Benar-benar pemandangan yang janggal.

Sesekali Venus mendengar namanya disebut. Adrian, dalam keadaan seperti ini pun, dia masih menyempatkan diri untuk mengingat Venus. Miris, kemarahan itu lenyap dan berganti dengan perasaan iba.
Tentu saja, ucapan Risma masih terngiang di kepala Venus. ″Dia membutuhkanmu. Maafkanlah putraku.″ Memaafkan. Benarkah itu yang dibutuhkan oleh Adrian? Beberapa kali Venus mencoba menelaah dirinya sendiri; membandingkan kehidupannya yang kini dengan masa-masa ketika dia masih bersama Adrian. Keegoisan ini; perasaan yang menyatakan bahwa Adrian itu adalah seorang penjahat, sepertinya itu akan menjadi hal tersulit yang pernah Venus lakukan dalam hidupnya.

Semua manusia harus mengakhiri konflik yang mereka ciptakan, baik itu dengan orangtua, sahabat, orang lain, atau dirinya sendiri. Semua cerita akan mencapai sebuah akhir, dan kebencian Venus harus segera diakhiri. Bagaimanapun caranya. Dia tidak boleh menghukum dirinya sendiri. Terus membenci kejadia di masa lalu tidak akan membawa kebaikan di kehidupannya yang sekarang.

Itulah yang disadari Venus. Terutama di saat ini; ketika dia melihat Adrian terbaring lemah. Bukan ini yang kuinginkan. Tidak seperti ini.

Terlebih lagi, keadaan Adrian belum menunjukkan akan membaik. Ini adalah kali kelima Venus menjenguk mantan pacarnya.
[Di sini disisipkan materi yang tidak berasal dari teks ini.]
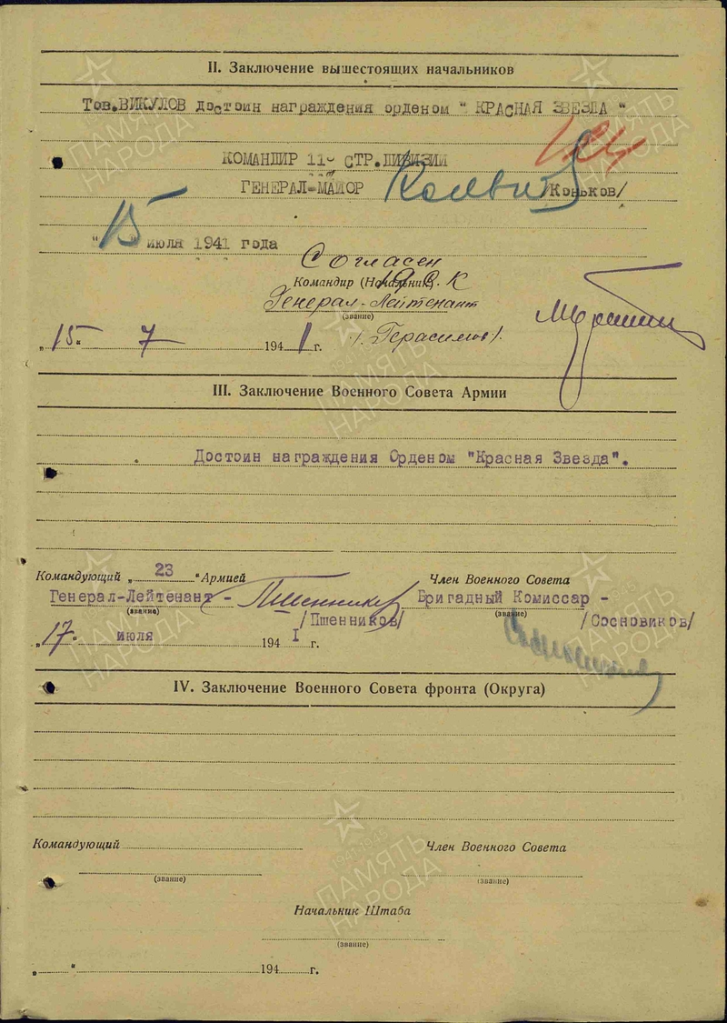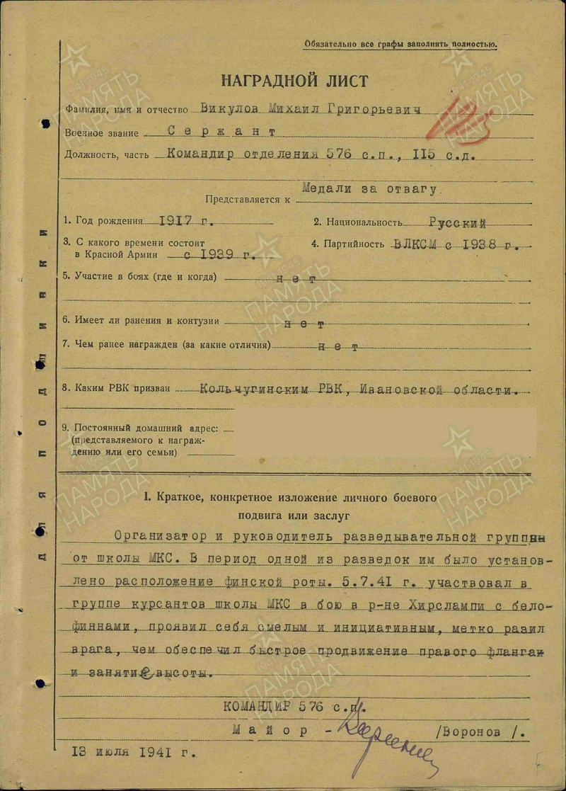 15) Командир отделения 1 стрелкового взвода, сержант Викулов Михаил Григорьевич 17.05.1917г.р. Призван: 15.12.1939 года, Кольчугинский РВК, Ивановская обл., Кольчугинский р-н. Уроженец: Владимирская обл., Киржачский р-н, д. Афанасово. Ранен в бою в августе 1941 года. Из госпиталя выбыл 02.09.1941 года. В дальнейшем проходит как мл. лейтенант. Воевал. Был ранен в 1942 году. Воевал. Был тяжело ранен в 1944 году. Службу закончил, находился в госпитале. Демобилизован в январе 1946 года.

Kadang, Romeo menemani Venus berkunjung ke rumah sakit. Dia tidak pernah menanyakan hal-hal terkait sikap bungkam Venus setiap kali mengunjungi Adrian. Ketika mereka hanya berdua saja, Romeo seperti akan mengungkapkan sesuatu. Sayang, kata-kata itu tidak pernah tersampaikan dan hanya menjadi sebuah rahasia.

Venus hanya duduk diam, mengamati kedua mata jenaka yang kini terlelap. Kenangan-kenangan masa lalu kembali menyeruak; Hana yang berujar mengenai impiannya menjadi seorang pelukis, Senior yang selalu mengeluhkan sikap Venus, kebersamaan bersama Adrian, dan dusta yang akhirnya terungkap.

Kembali, Venus berusaha memejamkan kedua matanya; membendung emosi yang ada di batinnya. Kekecewaan ini—rasa pengkhianatan yang lama dipendamnya—harus segera diselesaikan. Venus harus segera mengakhiri drama cinta antara dirinya, Adrian, dan Hana. Tidak seperti ini. Cinta bukanlah untuk menyakiti dan dikenang sebagai kekecewaan. Karena, hal yang seperti itu bukanlah cinta.